Markierung von Biocytin-gefüllten Interneuronen in Hippocampusschnitten von Ratten zur Visualisierung

Nehmen Sie fixierte und permeabilisierte Hippocampus-Schnitte von Ratten, die Biocytin-gefüllte Interneurone mit inaktivierten endogenen Peroxidasen enthalten.
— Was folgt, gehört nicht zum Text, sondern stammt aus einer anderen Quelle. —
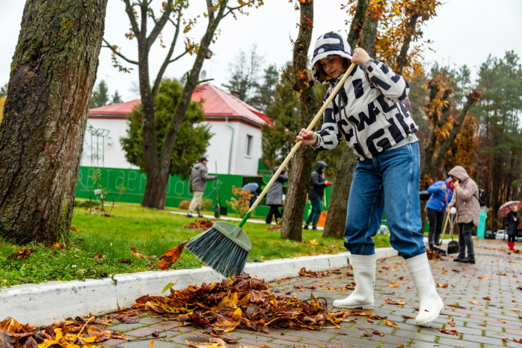 Несмотря на хмурое осеннее небо, на территории детского санатория «Свислочь» в Осиповичском районе царила по-настоящему солнечная атмосфера. Более ста сотрудников, вооруженных граблями, садовым инвентарем и позитивным настроением, доказали, что настоящий праздник труда создают люди. Благодаря их энтузиазму место, где круглый год отдыхают и поправляют здоровье дети со всей Беларуси, получило новый заряд свежести и уюта. Были убраны опавшие листья и сухие ветки, приведены в порядок цветники и газоны. Особое внимание уделили объектам, от которых напрямую зависит досуг маленьких отдыхающих, – игровому оборудованию, спортплощадке и беседкам.
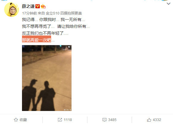 薛之谦先发文称:“我记得…你跟我时… 我一无所有…我不想再寻觅了… 请让我给你所有…反正我们也不再年轻了….那就再爱一次吧…”之后高磊鑫也跟着回应薛之谦,表示愿意。
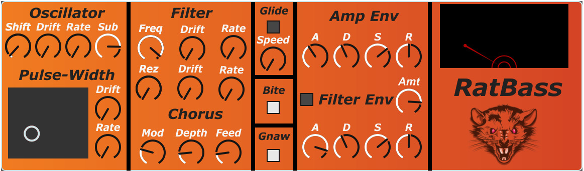 | Description: | RatBass is a nasty little pulsewave synth with a few features that make it unique. The oscillator detune, pulse-widths, filter frequency and filter resonance controls all have controllable analog-style drift, and there are two super ugly distortion controls, Bite and Gnaw, that obscenely mangle the sound. RatBass uses a zero-delay feedback transistor ladder filter model assembled in Gen by Oli Larkin, which contains code from Teemu Voipio. Be sure you keep the included gendsp file in the same folder as the amxd file. |
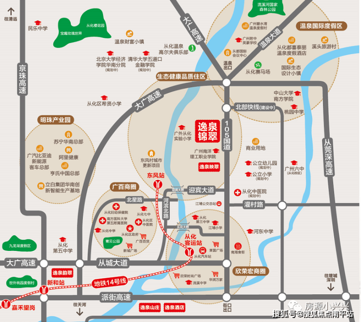 1.大广高速/G45——经街口收费站——沿从化市区方向——G105国道——沿路直行约10公里——越秀逸泉锦翠;
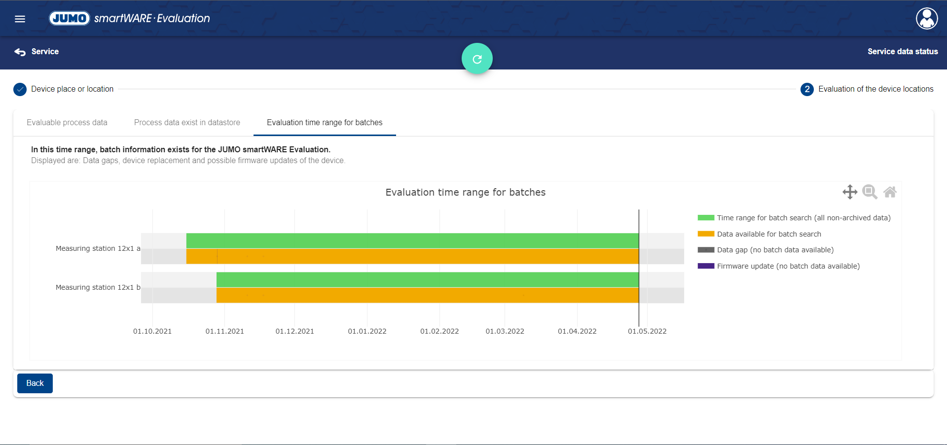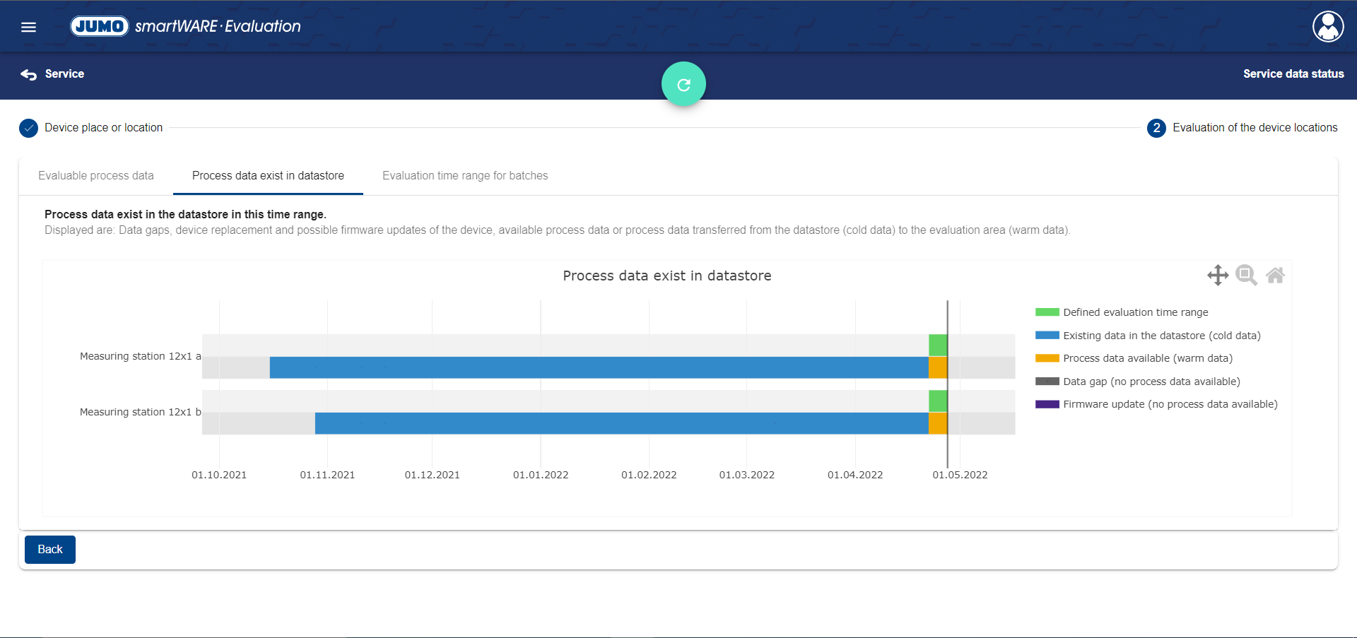 In the Data Status area, the status of the defined time ranges is mapped for each device location.
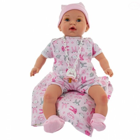 Bábika tiež plače. Súčasťou je cumlík na retiazke.

Fügen Sie Avidin-Biotin-Komplexe (ABC) hinzu, die Meerrettichperoxidase (HRP) enthalten, und inkubieren Sie, damit das Avidin an Biocytin binden kann.

Ungebundenes ABC abwaschen.

Fügen Sie eine Mischung aus chromogenem Substrat und Metallverstärker hinzu und inkubieren Sie.

Führen Sie Wasserstoffperoxid ein, um das HRP zu aktivieren, das das Substrat oxidiert und einen dunklen Niederschlag bildet, während der Enhancer den Kontrast verbessert.

Übertragen Sie die Scheiben auf Filterpapier und entfernen Sie überschüssigen Puffer. Mit Osmiumtetroxid behandeln, um den Kontrast zu verstärken.

Legen Sie die Scheiben auf eine Folie und montieren Sie sie. Entwässern Sie sie mit steigenden Ethanolkonzentrationen.

Die Scheiben in absolutem Ethanol und Propylenoxid waschen.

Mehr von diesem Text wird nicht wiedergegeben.